Assignment: Please print the full listing below exactly, but not the pictures in it.

Data below:
[Start of Attachment]
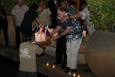 Last night, Thanksgiving Eve, a traditional Japanese floating lantern ceremony was held inside the pools that flow around the state capitol. The event was coordinated by State Senators Donna Mercado-Kim and Glenn Mukai. It was a very emotional ceremony as families of the victims sent off their prayers upon the waters and into the light that leads upon tomorrow and into the afterlife.
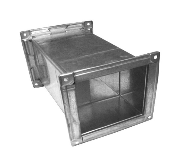 Ống gió chữ nhật (hay ống gió vuông) bích TDF thường được làm bằng vật liệu tole tráng kẽm.
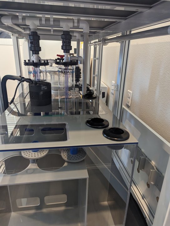 Got the drains cemented in today and the hole drilled for the power cord for the iPad display. I'm going to hard plumb the Vectra M2 tomorrow and then, on Thursday, I'll be able to do the remaining connections and pick up the L2 from @Coral reefer . Aiming to have water in it by Saturday!
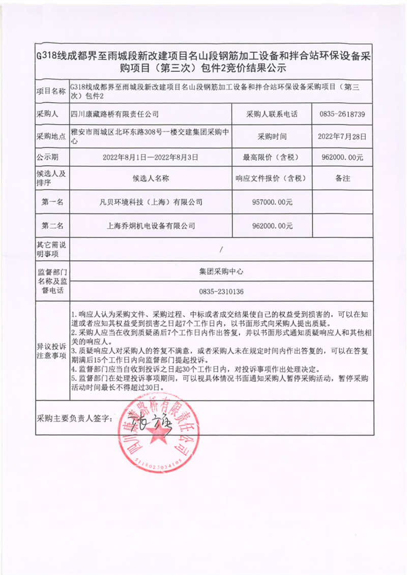 四川康藏路橋有限責任公司G318線成都界至雨城段新改建項目名山段鋼筋加工設備和拌合站環(huán)保設備采購項目(第三次)包件2競價結果公示
[End of Attachment]
Result:
 Last night, Thanksgiving Eve, a traditional Japanese floating lantern ceremony was held inside the pools that flow around the state capitol. The event was coordinated by State Senators Donna Mercado-Kim and Glenn Mukai. It was a very emotional ceremony as families of the victims sent off their prayers upon the waters and into the light that leads upon tomorrow and into the afterlife.
 Ống gió chữ nhật (hay ống gió vuông) bích TDF thường được làm bằng vật liệu tole tráng kẽm.
 Got the drains cemented in today and the hole drilled for the power cord for the iPad display. I'm going to hard plumb the Vectra M2 tomorrow and then, on Thursday, I'll be able to do the remaining connections and pick up the L2 from @Coral reefer . Aiming to have water in it by Saturday!
 四川康藏路橋有限責任公司G318線成都界至雨城段新改建項目名山段鋼筋加工設備和拌合站環(huán)保設備采購項目(第三次)包件2競價結果公示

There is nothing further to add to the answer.